Tolman also attempted to get Skeem to admit that it is possible for even professionals to be misled by patients being evaluated for competency.
"It's possible to be fooled. … I don't think it happened here," Skeem said. "I don't think I got this one wrong. It's possible, but I think it is highly unlikely."
Skeem said that Mitchell's delusions were present during both of her evaluations. But she stressed to the court that the conclusions of her evaluations were "much less important than the data and the reasonings" that went into the reports.
Skeem showed several charts and referred to many prior studies during her testimony to establish a scientific reason why she believed Mitchell was delusional when she finished her second report in 2005. She said content was not the important part of Mitchell's delusions.
"It's not so much what you believe, it's how you believe it," she said.
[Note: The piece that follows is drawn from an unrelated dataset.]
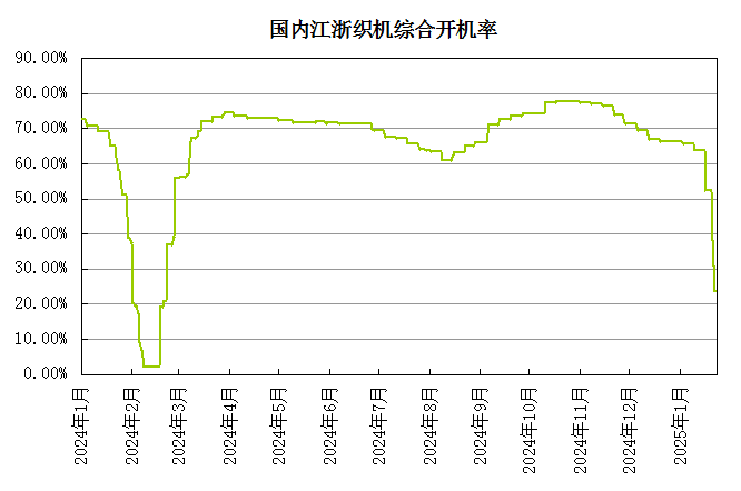 春节气氛渐浓,终端备货阶段性结束,下游逐步停产放假,多数客户前期已备货,节前采购需求日益清淡。江浙织造行业开工下滑至25%以下,后续仍有下调空间。

Skeem did not issue a current opinion on Mitchell's competency for his current federal hearing, noting that was not part of the scope of why she was hired by the defense team.
During rebuttal testimony, Dr. Michael Welner was brought back to the stand to testify that Mitchell could be a street preacher or appear as a regular person, depending on the appropriate situation and how it might benefit him.
"Brian Mitchell, when all is said and done, is a street performer," he said. "In Salt Lake City, being Jesus is good for business if you're panhandling."
Mitchell, for the seventh day in a row, refused to come out of his holding cell to attend the hearing.